Connection timed out problem

Kibana version: 7.4.1

Elasticsearch version: 7.4.1

APM Server version: 7.6.1

APM Agent language and version: java

elasticapm.properties

environment=twtpehswj2ui01
application_packages=com.delta
server_urls=http://10.148.208.47:8090
log_level=TRACE
log_file=AGENT_HOME/../logs/elastic-apm.log
log_file_size=10mb
server_timeout=0

Description of the problem including expected versus actual behavior. Please include screenshots (if relevant):

Sometime it receives apm data correctly, but there are time periods that can not receive the data (there are empty spaces in the chart below). And then I check the log (attached below). It says "Connection timed out".

But I try to hit http://10.148.208.47:8090/intake/v2/events by postman and it response 202. So I think connection is not a problem.

Any suggestion how to fix the problem?
Thanks.

Apm view in Kibana

Error log

2020-09-17 08:57:58,900 [elastic-apm-server-reporter] ERROR co.elastic.apm.agent.report.IntakeV2ReportingEventHandler - Failed to handle event of type TRANSACTION with this error: Connection timed out (Connection timed out)
2020-09-17 09:12:32,628 [elastic-apm-server-reporter] ERROR co.elastic.apm.agent.report.IntakeV2ReportingEventHandler - Failed to handle event of type METRICS with this error: Connection timed out (Connection timed out)
2020-09-17 09:14:39,860 [elastic-apm-server-reporter] ERROR co.elastic.apm.agent.report.IntakeV2ReportingEventHandler - Failed to handle event of type METRICS with this error: Connection timed out (Connection timed out)
2020-09-17 09:16:48,116 [elastic-apm-server-reporter] ERROR co.elastic.apm.agent.report.IntakeV2ReportingEventHandler - Failed to handle event of type METRICS with this error: Connection timed out (Connection timed out)
2020-09-17 09:18:59,571 [elastic-apm-server-reporter] ERROR co.elastic.apm.agent.report.IntakeV2ReportingEventHandler - Failed to handle event of type METRICS with this error: Connection timed out (Connection timed out)

Entire log

From this line in the logs, it seems that you have a very optimistic timeout for server connection 0s, which probably explains why do you get so much Connection timed out errors. Can you try with a value higher than zero like 1s or with the default one (5s) ? Also, please note that this value should have a unit and is not just a number.

Hi,

Previously, I've tried to set server_timeout to 5s and 60s. And the problem still exists.

And then I found a post.

If a request to the APM server takes longer than the configured timeout, the request is cancelled and the event (exception or transaction) is discarded. Set to 0 to disable timeouts.

That's why I tried to set server_timeout to zero and without unit. I want to disable the timeout functionality. But it seems that this can not solve the problem.

Hi @bob96589,

Could you check in your server logs during the time frame where no data appears to be sent ?

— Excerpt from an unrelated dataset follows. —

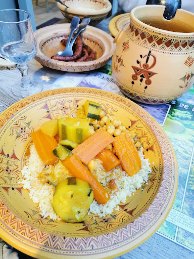 Nous avions réservé une table pour 20h. Une fois arrivé à l'heure prévue et après 30 minutes d'attente à notre table, nous demandions s'il serait possible de prendre notre commande. La serveuse semblait contrarié par notre demande et nous demande notre pass sanitaire alors qu'elle ne l'a pas demandé à d'autre clients auparavant. Elle répond que si elle prenait notre commande maintenant, elle n'était pas sûr de nous servir dans les temps.. Nous étions dans l'incompréhension devant cet argument. Nous aurions préféré qu'elle nous dise qu'elle était toute seule pour gérer l'ensemble des tables du restaurant ainsi que la caisse, nous aurions compris. Une fois la commande passée nous mangions dans les temps. Un petit bémol concernant notre plat principal qui n'était pas le bon (tajine accompagné de pruneaux/abricot alors que nous avions demandé un accompagnement olive/citrons confits) mais avons décidé de ne pas faire de remarque concernant ceci pour évité d'être dans la confrontation. Nous avons décidé de ne pas prendre de dessert car nous avions entendu à une table plus loin qu'il n'avait plus de thé à la menthe et qu'ils n'avait qu'une seule pâtisserie marocaine. C'est très dommage car les plats étaient vraiment très bon et de qualité mais le service...

If there is no visible activity during those time frames, it means the agent might not have been able to reach the server at all, which would indicate more a network issue rather than an issue with the agent. Increasing log level server-side might be required.

I assume that you only have a single apm-server instance, and thus my hypotheses are the following:

  • if you have a single agent, if there is nothing in server logs after increasing log level, that means there is an issue on the network
  • if you have more than one agent, if there is nothing in server logs, the issue is still on the network, but more on the server side (as no other agent seem able to reach it)
  • if you have more than one agent and some of them are able to reach the server, that means the issue might be on the network on agent side, or that there is a bug in the agent.